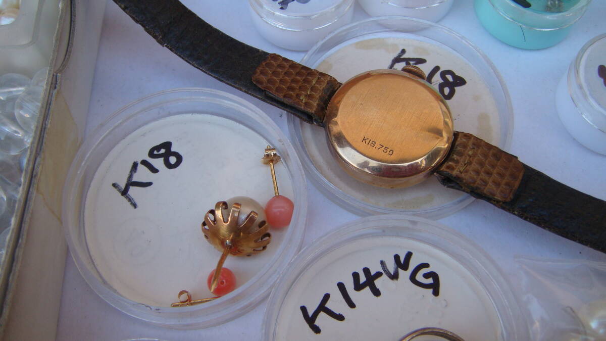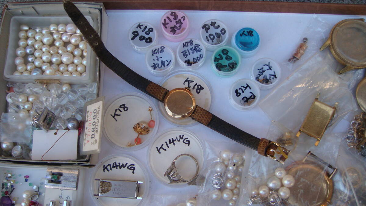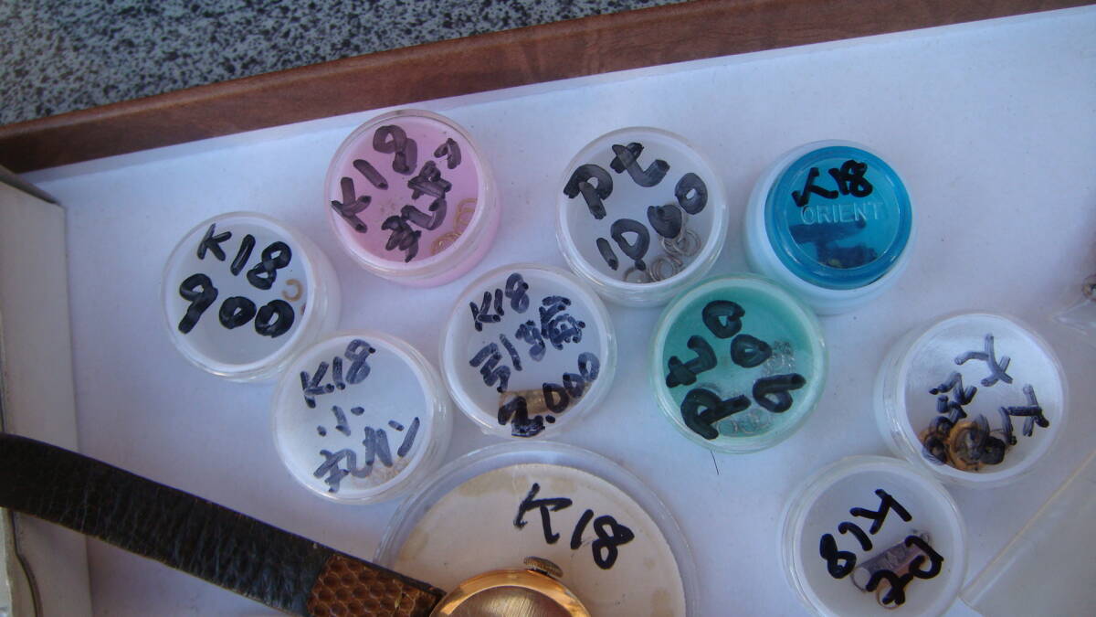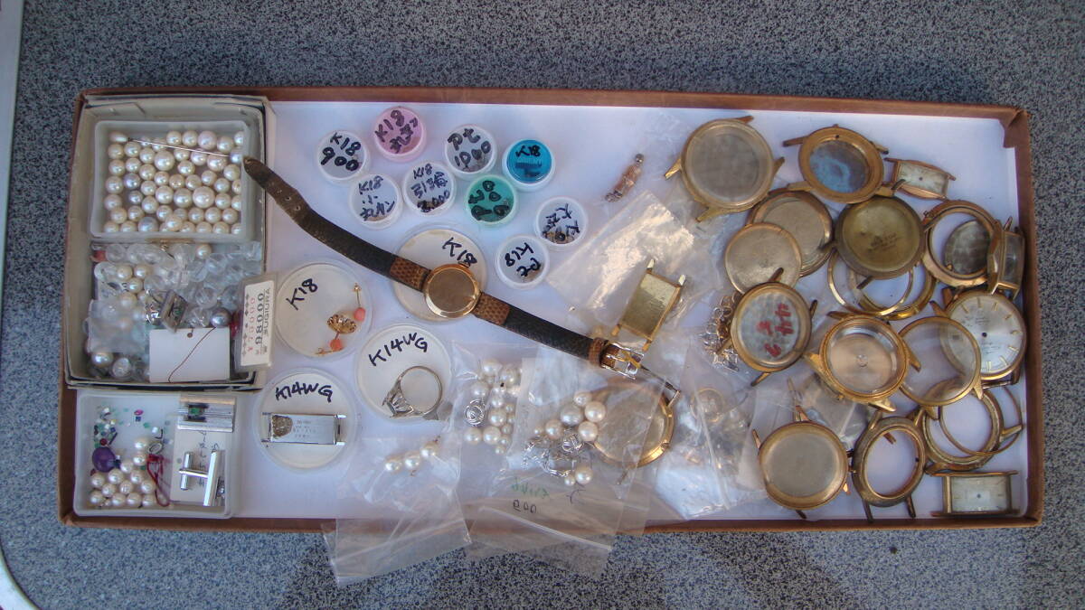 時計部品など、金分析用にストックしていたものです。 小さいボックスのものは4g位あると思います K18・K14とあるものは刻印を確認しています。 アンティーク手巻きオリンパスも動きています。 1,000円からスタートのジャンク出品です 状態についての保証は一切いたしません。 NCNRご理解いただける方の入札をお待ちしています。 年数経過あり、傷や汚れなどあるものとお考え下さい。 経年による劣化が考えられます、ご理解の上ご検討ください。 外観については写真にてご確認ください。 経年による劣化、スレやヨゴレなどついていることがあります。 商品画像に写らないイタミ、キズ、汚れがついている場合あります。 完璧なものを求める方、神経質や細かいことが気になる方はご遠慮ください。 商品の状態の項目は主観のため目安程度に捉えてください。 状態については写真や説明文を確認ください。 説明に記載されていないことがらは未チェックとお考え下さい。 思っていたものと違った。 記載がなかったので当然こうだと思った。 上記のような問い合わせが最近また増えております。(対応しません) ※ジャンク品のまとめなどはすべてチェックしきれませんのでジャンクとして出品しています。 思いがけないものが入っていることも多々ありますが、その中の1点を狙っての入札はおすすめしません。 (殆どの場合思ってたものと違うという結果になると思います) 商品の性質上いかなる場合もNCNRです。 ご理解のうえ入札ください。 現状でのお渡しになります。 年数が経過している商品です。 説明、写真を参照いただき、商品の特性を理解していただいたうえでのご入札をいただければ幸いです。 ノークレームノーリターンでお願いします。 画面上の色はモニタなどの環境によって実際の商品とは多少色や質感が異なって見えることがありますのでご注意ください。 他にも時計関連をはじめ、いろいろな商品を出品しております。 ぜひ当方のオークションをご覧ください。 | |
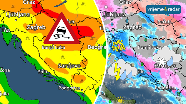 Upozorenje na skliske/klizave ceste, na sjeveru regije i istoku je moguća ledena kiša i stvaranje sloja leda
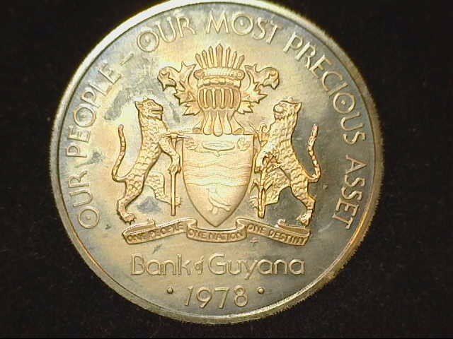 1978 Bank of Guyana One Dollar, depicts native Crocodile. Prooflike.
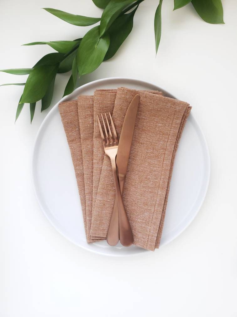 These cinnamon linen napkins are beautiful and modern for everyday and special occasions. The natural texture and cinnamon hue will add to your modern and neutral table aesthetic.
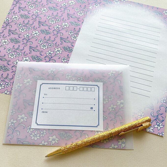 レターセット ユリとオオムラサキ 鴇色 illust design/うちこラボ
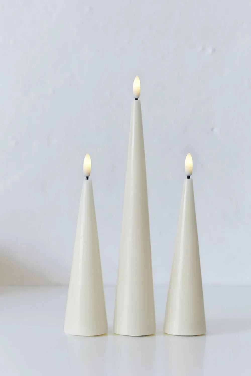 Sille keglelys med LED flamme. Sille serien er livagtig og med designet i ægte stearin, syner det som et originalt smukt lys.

---*---

**REQUIREMENT**
Go through the listing and restate each line word for word, leaving out the pictures.

**EXPECTED OUTPUT**
 時計部品など、金分析用にストックしていたものです。 小さいボックスのものは4g位あると思います K18・K14とあるものは刻印を確認しています。 アンティーク手巻きオリンパスも動きています。 1,000円からスタートのジャンク出品です 状態についての保証は一切いたしません。 NCNRご理解いただける方の入札をお待ちしています。 年数経過あり、傷や汚れなどあるものとお考え下さい。 経年による劣化が考えられます、ご理解の上ご検討ください。 外観については写真にてご確認ください。 経年による劣化、スレやヨゴレなどついていることがあります。 商品画像に写らないイタミ、キズ、汚れがついている場合あります。 完璧なものを求める方、神経質や細かいことが気になる方はご遠慮ください。 商品の状態の項目は主観のため目安程度に捉えてください。 状態については写真や説明文を確認ください。 説明に記載されていないことがらは未チェックとお考え下さい。 思っていたものと違った。 記載がなかったので当然こうだと思った。 上記のような問い合わせが最近また増えております。(対応しません) ※ジャンク品のまとめなどはすべてチェックしきれませんのでジャンクとして出品しています。 思いがけないものが入っていることも多々ありますが、その中の1点を狙っての入札はおすすめしません。 (殆どの場合思ってたものと違うという結果になると思います) 商品の性質上いかなる場合もNCNRです。 ご理解のうえ入札ください。 現状でのお渡しになります。 年数が経過している商品です。 説明、写真を参照いただき、商品の特性を理解していただいたうえでのご入札をいただければ幸いです。 ノークレームノーリターンでお願いします。 画面上の色はモニタなどの環境によって実際の商品とは多少色や質感が異なって見えることがありますのでご注意ください。 他にも時計関連をはじめ、いろいろな商品を出品しております。 ぜひ当方のオークションをご覧ください。 | |
 Upozorenje na skliske/klizave ceste, na sjeveru regije i istoku je moguća ledena kiša i stvaranje sloja leda
 1978 Bank of Guyana One Dollar, depicts native Crocodile. Prooflike.
 These cinnamon linen napkins are beautiful and modern for everyday and special occasions. The natural texture and cinnamon hue will add to your modern and neutral table aesthetic.
 レターセット ユリとオオムラサキ 鴇色 illust design/うちこラボ
 Sille keglelys med LED flamme. Sille serien er livagtig og med designet i ægte stearin, syner det som et originalt smukt lys.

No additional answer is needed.